CUDA code too slow

btxsistemas · June 17, 2022, 6:27pm

Hi everybody, I’m newbie in Jetson nano & CUDA. I’m using Opencv 4.5 & Cuda 10.2, I’ve installed and compiled them succesufully in my nano board.
Just testing a code to learn about using CUDA and speed up the task, but I found using cuda I get low fps than without using it.
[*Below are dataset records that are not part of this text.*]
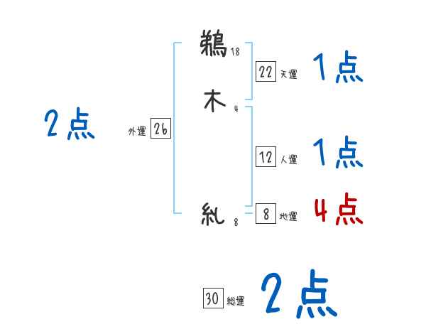 天運![]() | 鵜木糺さんの天運は22画の1つ星!努力することが苦手ないっぽう手先が器用。芸術性にも優れる。 家系が持つ宿命的な運勢を表します。祖先から受け継いだ苗字ですので自分の力が及びません。家柄を象徴します。 |
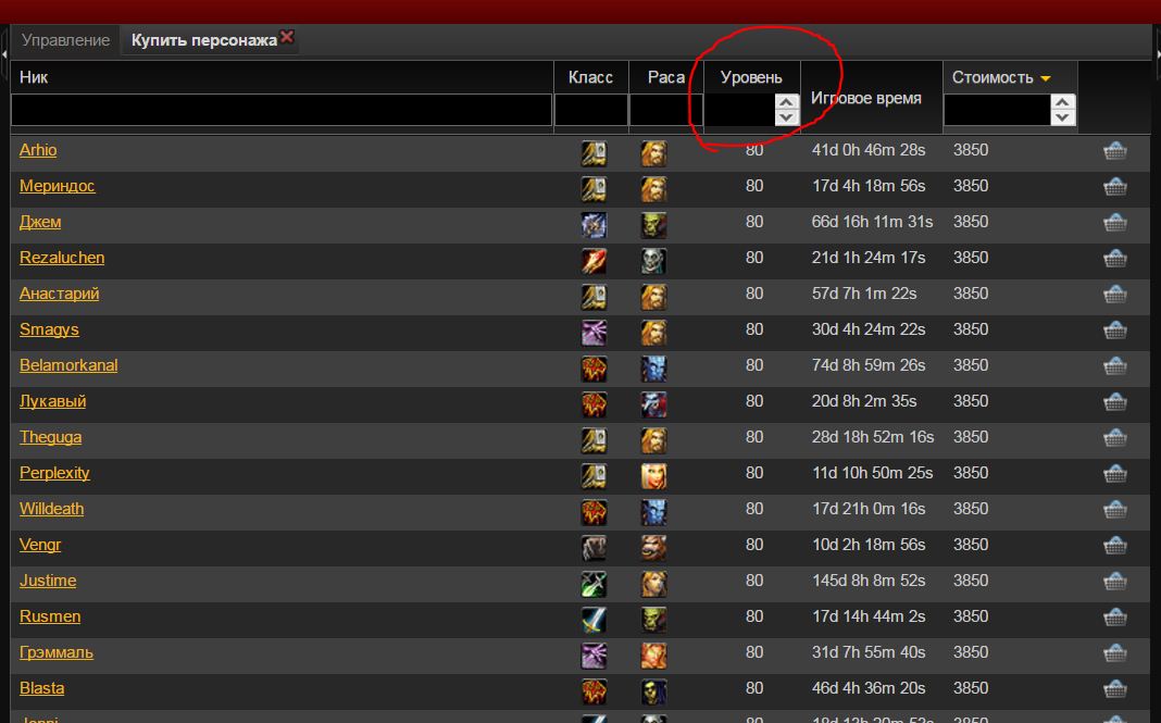 зачем в личном кабинете сделали графу Уровень. Сделайте разрешение продавать персонажей с 19 лвл от 20 дней онлайна примерно, чтобы всякий шлак не выставляли.
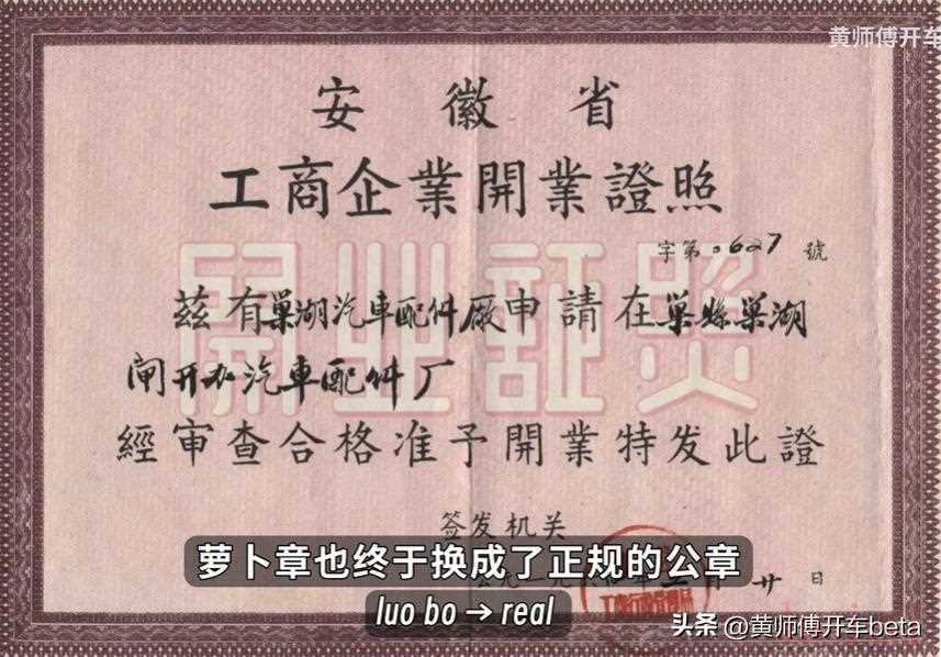 这俩技术员自作主张的萝卜章上,刻的名字叫:巢湖汽车配件厂,然后就是建工厂、交付订单,折腾两年半之后,1964年5月终于和安徽省内燃机修配厂合并,并搬到了合肥,萝卜章也终于换成了正规的公章。
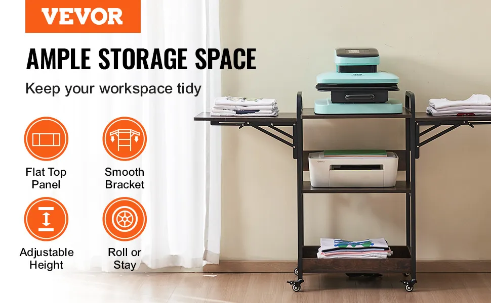 Almacenamiento de tres niveles: organice sus suministros con un espacio de almacenamiento exclusivo para máquinas de prensado térmico, cortadores, impresoras, materiales y accesorios. Nuestra mesa de prensado térmico mantendrá su espacio de trabajo ordenado y atractivo a la vista.
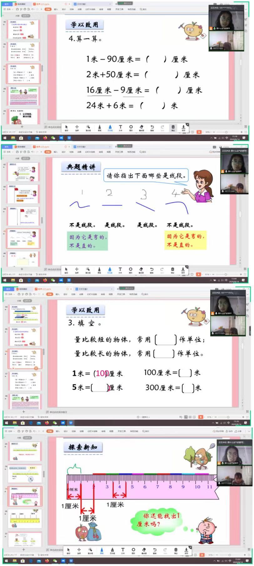 今天的内容是对上节课内容的继续,是关于小学二年级数学一单元的知识点。包括对米和厘米的应用与辨别,举了很多我们在生活中就能常常接触到的列子,达到了预期的效果。还包括认识线段以及线段的辨别。今天是第三次课,我能明显感受到小廖同学和我之间的互动在向着好的方向改变,我相信接下来会更好!
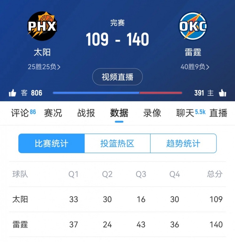 上半場(chǎng),太陽還以63-61領(lǐng)先雷霆,但下半場(chǎng)命中率驟降,全隊(duì)拿到46分,尤其第三節(jié)16-43凈負(fù)27分,最終31分慘敗對(duì)手。
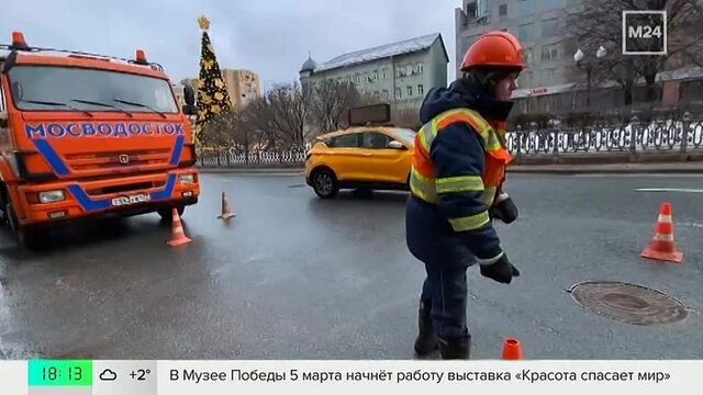 Специалисты убирают грязь и моют асфальт специальным раствором в Москве
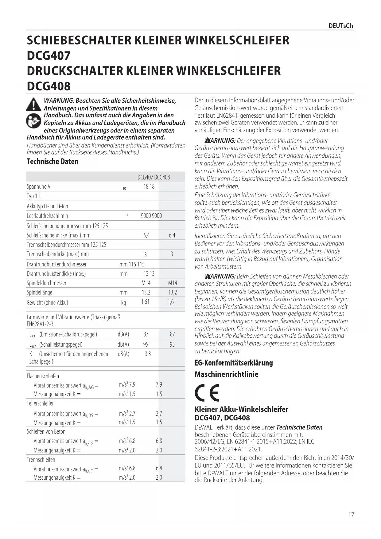 Kleiner Akku‑Winkelschleifer DCG407, DCG408 DeWALT erklärt, dass diese unter Technische Daten beschriebenen Geräte übereinstimmen mit: 2006/42/EG, EN 62841‑1:2015+A11:2022; EN IEC 62841‑2‑3:2021+A11:2021.Diese Produkte entsprechen außerdem den Richtlinien 2014/30/EU und 2011/65/EU. Für weitere Informationen kontaktieren Sie bitte DeWALT unter der folgenden Adresse, oder beachten Sie die Rückseite derAnleitung.Der in diesem Informationsblatt angegebene Vibrations‑ und/oder Geräuschemissionswert wurde gemäß einem standardisierten Test laut EN62841 gemessen und kann für einen Vergleich zwischen zwei Geräten verwendet werden. Er kann zu einer vorläufigen Einschätzung der Exposition verwendetwerden. WARNUNG: Der angegebene Vibrations- und/oder Geräuschemissionswert bezieht sich auf die Hauptanwendung des Geräts. Wenn das Gerät jedoch für andere Anwendungen, mit anderem Zubehör oder schlecht gewartet eingesetzt wird, kann die Vibrations- und/oder Geräuschemission verschieden sein. Dies kann den Expositionsgrad über die Gesamtbetriebszeit erheblicherhöhen.Eine Schätzung der Vibrations- und/oder Geräuschstärke sollte auch berücksichtigen, wie oft das Gerät ausgeschaltet wird oder über welche Zeit es zwar läuft, aber nicht wirklich in Betrieb ist. Dies kann die Exposition über die Gesamtbetriebszeit erheblichmindern.Identifizieren Sie zusätzliche Sicherheitsmaßnahmen, um den Bediener vor den Vibrations- und/oder Geräuschauswirkungen zu schützen, wie: Erhalt des Werkzeugs und Zubehörs, Hände warm halten (wichtig in Bezug auf Vibrationen), Organisation vonArbeitsmustern. WARNUNG: Beim Schleifen von dünnen Metallblechen oder anderen Strukturen mit großer Oberfläche, die schnell zu vibrieren beginnen, können die Gesamtgeräuschemission deutlich höher (bis zu 15dB) als die deklarierten Geräuschemissionswerte liegen. Bei solchen Werkstücken sollten die Geräuschemissionen so weit wie möglich verhindert werden, indem geeignete Maßnahmen wie die Verwendung von schweren, flexiblen Dämpfungsmatten ergriffen werden. Die erhöhten Geräuschemissionen sind auch in Hinblick auf die Risikobewertung durch die Geräuschbelastung sowie bei der Auswahl eines angemessenen Gehörschutzes zuberücksichtigen.DCG407 DCG408Spannung V 18 18Typ 1 1Akkutyp Li‑Ion Li‑IonLeerlaufdrehzahl min 9000 9000Schleifscheibendurchmesser mm 125 125Schleifscheibendicke (max.) mm 6,4 6,4 Trennscheibendurchmesser mm 125 125Trennscheibendicke (max.) mm
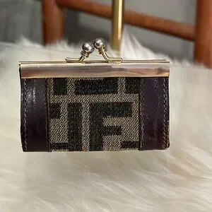 π₯ RARE Authentic Fendi Roma Kisslock Vintage Coin Purse in Zucca Monogramπ₯
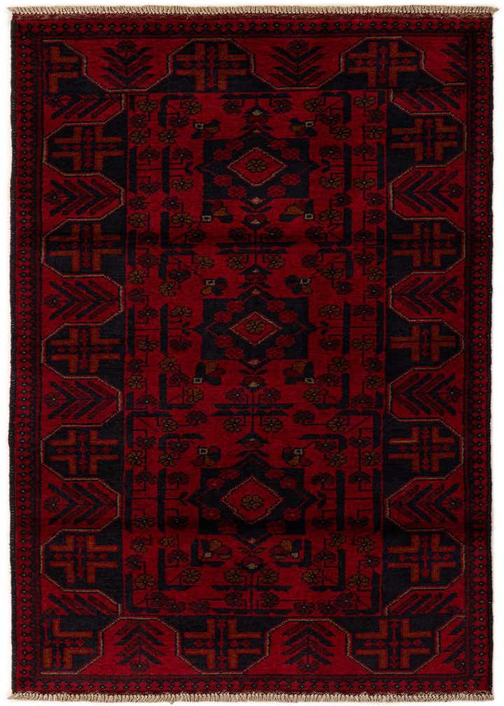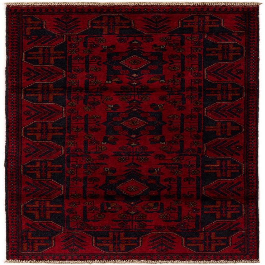 Primary color is Red. Colors in this rug include: Red, Brown, Navy Blue.
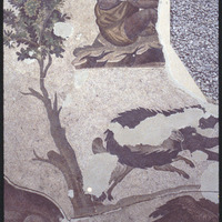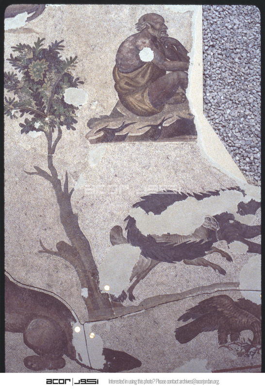 تفاصيل فسيفساء لرجل جالس وحيوانات
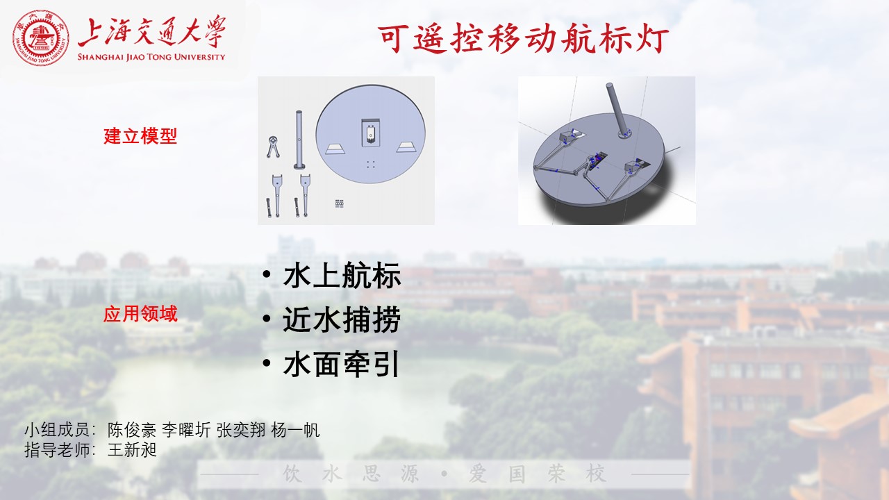 航标灯是安装在某些航标上的一类交通灯,在夜间发光对夜行的船舶进行指引。目前大部分浮标航标灯都利用锚或重物固定漂浮在某处,这为安装和回收带来了一定麻烦。于是我们设计可遥控移动航标灯解决如上问题。
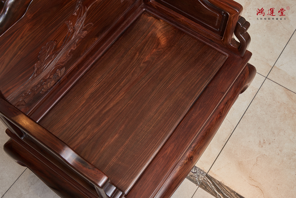 鴻運堂堅持健康環(huán)保理念,家具表面處理不上漆、不打蠟,僅以精細打磨和拋光呈現木材的天然質感,凸顯大紅酸枝的本真之美。
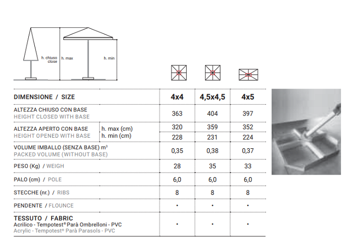 • Chiusura telescopica sopra i tavoli • Possibilità di fissaggio al suolo • Ombrellone standard fornito con pendente • Stecche intercambiabili • Parti metalliche prima zincate, poi verniciate • Inclusa Base + Carter Copribase in acciaio zincato verniciato
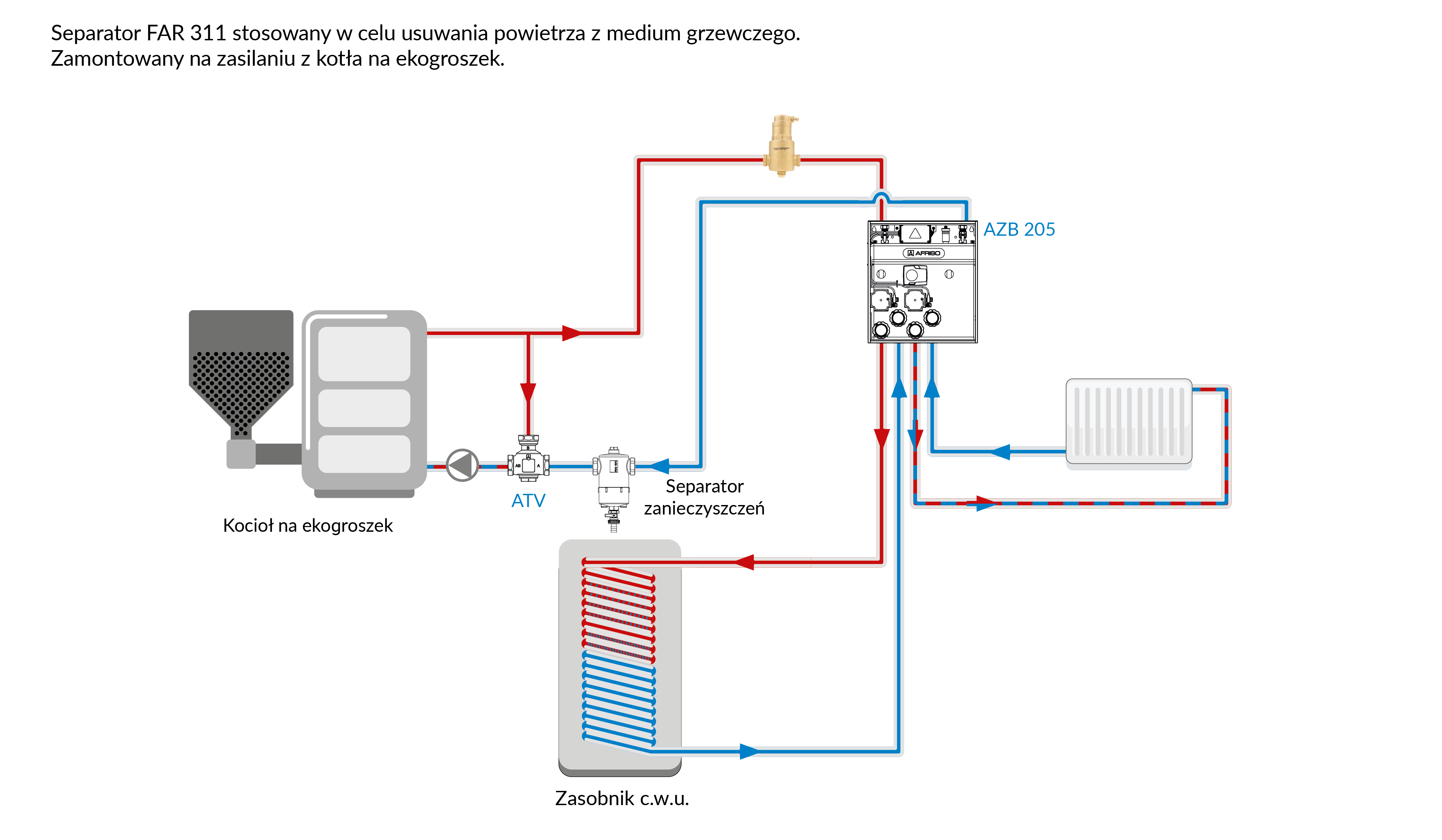 Stosowany w instalacjach grzewczych i chłodzących.W instalacjach grzewczych montowany na zasilaniu, w chłodzących na powrocie.
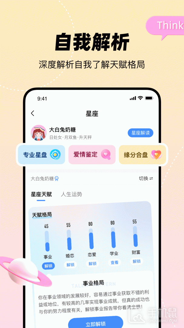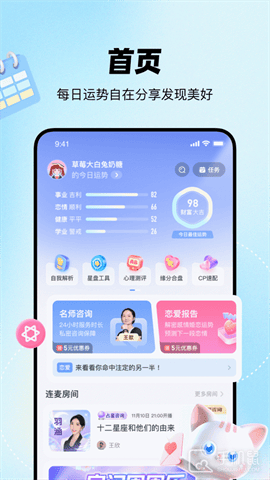 星盘分析,全面解读,了解真实自我; 缘分合盘揭秘亲密关系,鉴定缘分深浅; 生成专属爱情报告,揭秘脱单时间,你的恋情解读专家。
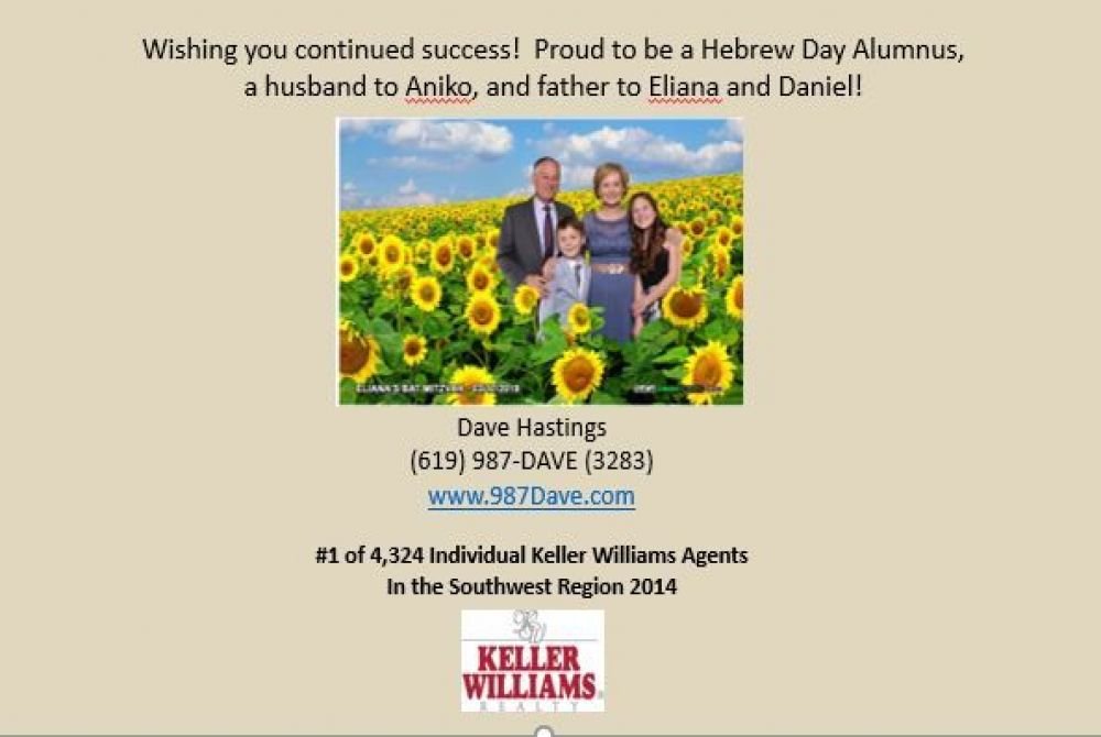 33 years ago, and we're proud to have our son, Shai, continue the Hebrew Day School tradition.
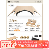 原始人天幕户外帐篷露营黑胶遮阳棚新型速开野营2025新款遮光新式遮阳棚 28㎡奶油咖一桌六月亮椅套餐+车
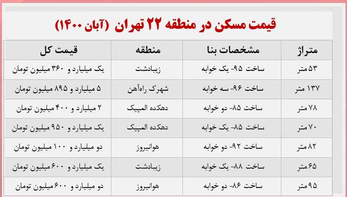قیمت مسکن در منطقه ۲۲ تهران +جدول
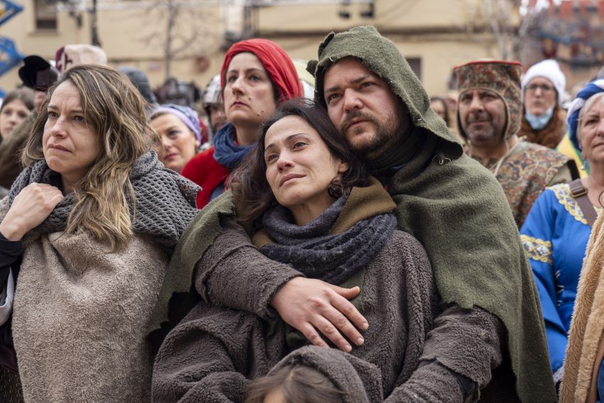 Teruel revive la muerte por amor de Diego de Marcilla ante los ojos de miles de personasCon la mirada puesta en el cielo, la ciudad de Teruel ha revivido este sábado la muerte por amor de Diego de Marcilla en una abarrotada plaza del Torico, que ha sido testigo de cómo el caballero turolense no ha sido correspondido por un beso de su amada, Isabel de Segura, que apenas un día antes se había casado con Pedro de Azagra, embaucada por el hechizo que unas hechiceras le lanzaron.
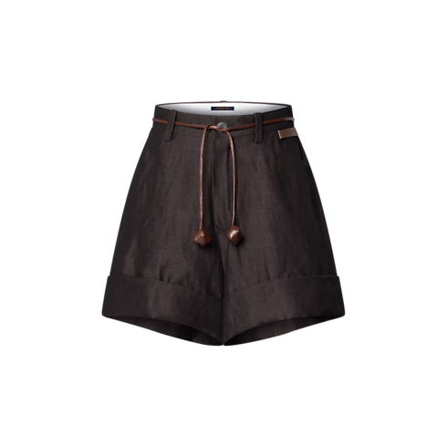 洗練されたリラックス感をまとうテーラードショートパンツ。深みのある色合いのウール&リネンの混紡素材を使用しています。はき心地のよいハイライズのストレートシェイプに、ボリューム感のあるオーバーサイズの裾を配してシルエットを際立たせました。遊び心溢れるLV キューブをあしらったスリムなレザーコードベルトがカジュアルな印象を引き立て、今シーズンのシックな「LOUIS VUITTON PARIS」パッチがヒップにさりげないシグネチャーを添えます。
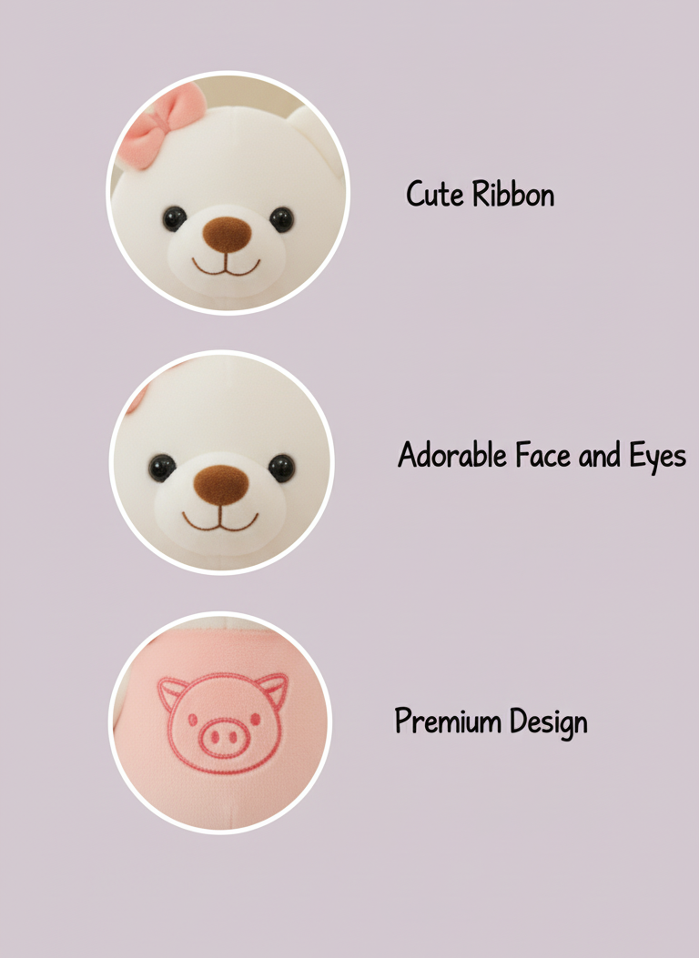 • PREMIUM DESIGN: Adorable white teddy bear wearing a pink outfit with cute pig design, featuring soft plush material and detailed embroidery for lasting quality
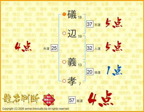 礒辺義孝さんの総運は57画の4点!

Any ideas what am I doing wrong ? This is my test code:
cap_uno.cpp (3.3 KB)

AastaLLL · June 20, 2022, 3:14am

Hi,

First, please make sure you have maximized the device performance.

$ sudo nvpmodel -m 0
$ sudo jetson_clocks

Then would you mind moving the cudaMemcpy (upload/download) outside of the profiling circle?
This will help to figure out whether the performance issue is from GPU or data bandwidth.

Thanks.

btxsistemas · June 22, 2022, 2:06pm

@AastaLLL. First of all thanks for your answer.
Just running:

There is a bit of improvement in the results, but it’s still very slow using cuda filters, and it’s always faster without using cuda.
Testing outside of (upload/download) doesn’t give me much different results, just a bit more speed.
In short, I can’t find why my code using cuda, is slower than without it. What am I doing wrong ?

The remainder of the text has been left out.